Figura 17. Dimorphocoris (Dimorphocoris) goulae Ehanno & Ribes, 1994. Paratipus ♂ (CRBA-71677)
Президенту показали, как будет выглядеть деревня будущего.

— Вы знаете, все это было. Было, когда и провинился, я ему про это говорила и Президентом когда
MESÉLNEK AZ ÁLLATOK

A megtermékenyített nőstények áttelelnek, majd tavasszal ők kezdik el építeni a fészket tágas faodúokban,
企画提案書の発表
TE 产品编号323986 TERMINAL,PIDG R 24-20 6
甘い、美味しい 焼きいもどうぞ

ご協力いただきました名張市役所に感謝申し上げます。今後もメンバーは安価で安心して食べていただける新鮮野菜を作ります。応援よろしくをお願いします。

...

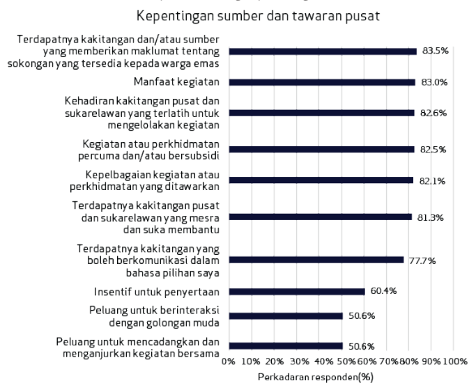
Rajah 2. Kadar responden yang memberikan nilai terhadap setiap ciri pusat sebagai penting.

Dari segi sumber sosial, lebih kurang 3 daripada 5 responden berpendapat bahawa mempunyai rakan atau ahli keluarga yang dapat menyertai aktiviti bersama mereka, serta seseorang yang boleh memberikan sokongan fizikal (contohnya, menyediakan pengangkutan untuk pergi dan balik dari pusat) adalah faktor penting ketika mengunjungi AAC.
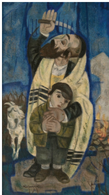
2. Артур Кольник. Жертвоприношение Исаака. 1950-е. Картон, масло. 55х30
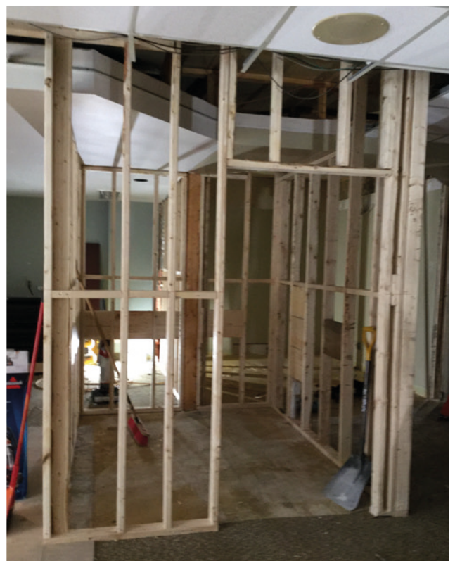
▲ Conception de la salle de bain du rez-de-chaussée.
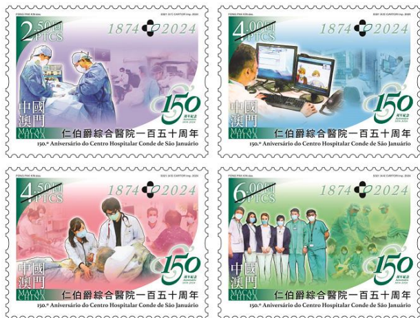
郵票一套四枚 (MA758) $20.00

PROBLEM STATEMENT:
Above are the lines; repeat exactly the ones from the line containing "и Президентом когда" down to the line containing "ご協力いただきました名張市役", both inclusive.

RESULT OF THIS TASK:
— Вы знаете, все это было. Было, когда и провинился, я ему про это говорила и Президентом когда
MESÉLNEK AZ ÁLLATOK

A megtermékenyített nőstények áttelelnek, majd tavasszal ők kezdik el építeni a fészket tágas faodúokban,
企画提案書の発表
TE 产品编号323986 TERMINAL,PIDG R 24-20 6
甘い、美味しい 焼きいもどうぞ

ご協力いただきました名張市役所に感謝申し上げます。今後もメンバーは安価で安心して食べていただける新鮮野菜を作ります。応援よろしくをお願いします。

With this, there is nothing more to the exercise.